_REQUIRED WORK_. Return the listing below unchanged, but without pictures.

_DATASET EXTRACT_.
>>>>>

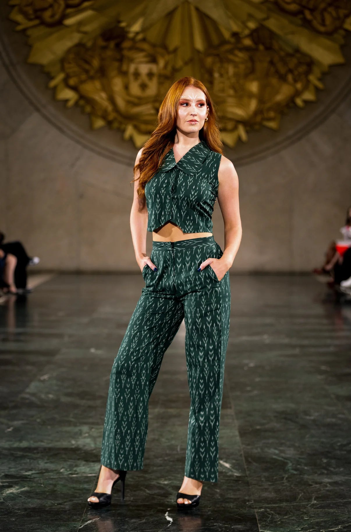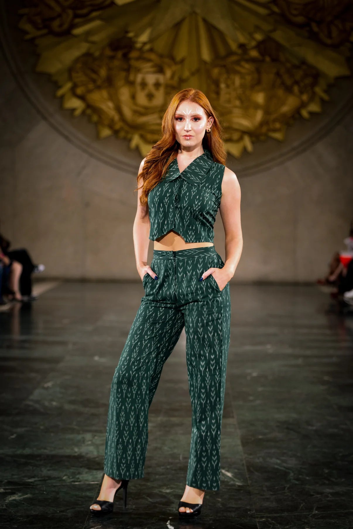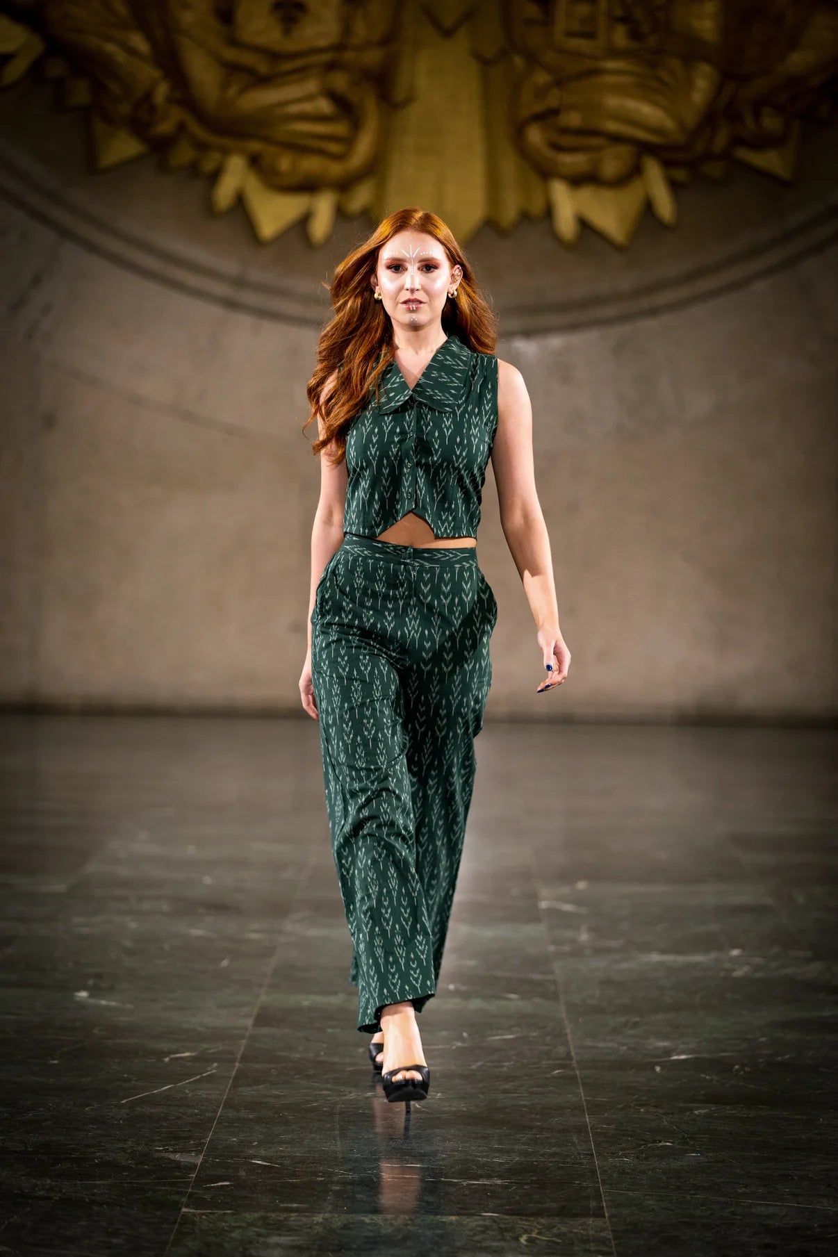 Sharp yet easygoing, this coord set features a sleeveless flat-collared top paired with sleek trousers, all in a rich emerald green hue. Crafted from handwoven cotton Ikat sourced directly from Pochampally’s renowned weaving families, this set seamlessly blends artisan craftsmanship with modern minimalism – an everyday essential elevated to statement status.
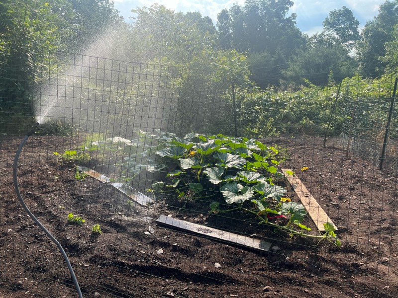 We have a heat wave here as does most of the country. I have dragged my feet on trying the drip tape system but better get it out and see what I can come up with it's getting dry. My pumpkin plants are looking good but will need to keep them watered. I actually had a couple pollinations this morning on my 2198 Haist plant and the 1864 Toboyek. I only had one male for each one so I am not really hopeful. This heat won't help matters either. Here is the Haist.
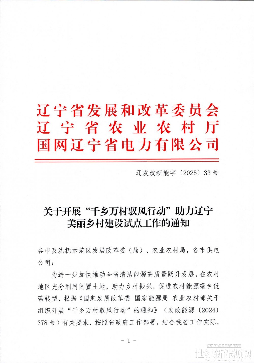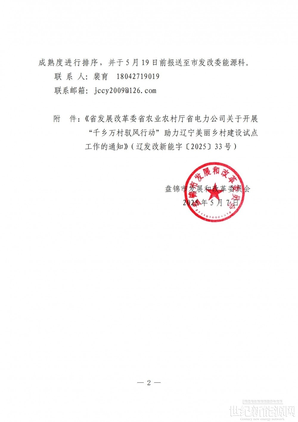 附件:1.盘锦市发展改革委转发《省发展改革委省农业农村厅省电力公司关于开展“千乡万村驭风行动”助力辽宁美丽乡村建设试点工作的通知》的通知
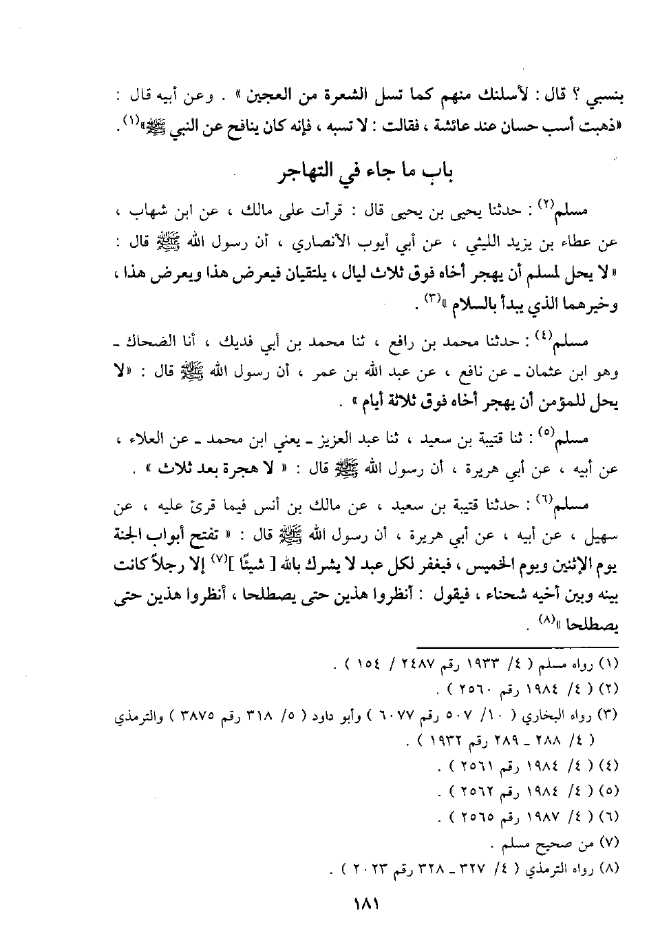 مُسلم: حَدثنَا يحيى بن يحيى قَالَ: قَرَأت على مَالك، عَن ابْن شهَاب، عَن عَطاء بن يزِيد اللَّيْثِيّ، عَن أبي أَيُّوب الْأنْصَارِيّ، أَن رَسُول الله - صَلَّى اللَّهُ عَلَيْهِ وَسَلَّم َ - قَالَ: " لَا يحل لمُسلم أَن يهجر أَخَاهُ فَوق ثَلَاث لَيَال، يَلْتَقِيَانِ فَيعرض هَذَا ويعرض هَذَا، وخيرهما الَّذِي يبْدَأ بِالسَّلَامِ ".

<<<<<

_REPLY_.
 Sharp yet easygoing, this coord set features a sleeveless flat-collared top paired with sleek trousers, all in a rich emerald green hue. Crafted from handwoven cotton Ikat sourced directly from Pochampally’s renowned weaving families, this set seamlessly blends artisan craftsmanship with modern minimalism – an everyday essential elevated to statement status.
 We have a heat wave here as does most of the country. I have dragged my feet on trying the drip tape system but better get it out and see what I can come up with it's getting dry. My pumpkin plants are looking good but will need to keep them watered. I actually had a couple pollinations this morning on my 2198 Haist plant and the 1864 Toboyek. I only had one male for each one so I am not really hopeful. This heat won't help matters either. Here is the Haist.
 附件:1.盘锦市发展改革委转发《省发展改革委省农业农村厅省电力公司关于开展“千乡万村驭风行动”助力辽宁美丽乡村建设试点工作的通知》的通知
 مُسلم: حَدثنَا يحيى بن يحيى قَالَ: قَرَأت على مَالك، عَن ابْن شهَاب، عَن عَطاء بن يزِيد اللَّيْثِيّ، عَن أبي أَيُّوب الْأنْصَارِيّ، أَن رَسُول الله - صَلَّى اللَّهُ عَلَيْهِ وَسَلَّم َ - قَالَ: " لَا يحل لمُسلم أَن يهجر أَخَاهُ فَوق ثَلَاث لَيَال، يَلْتَقِيَانِ فَيعرض هَذَا ويعرض هَذَا، وخيرهما الَّذِي يبْدَأ بِالسَّلَامِ ".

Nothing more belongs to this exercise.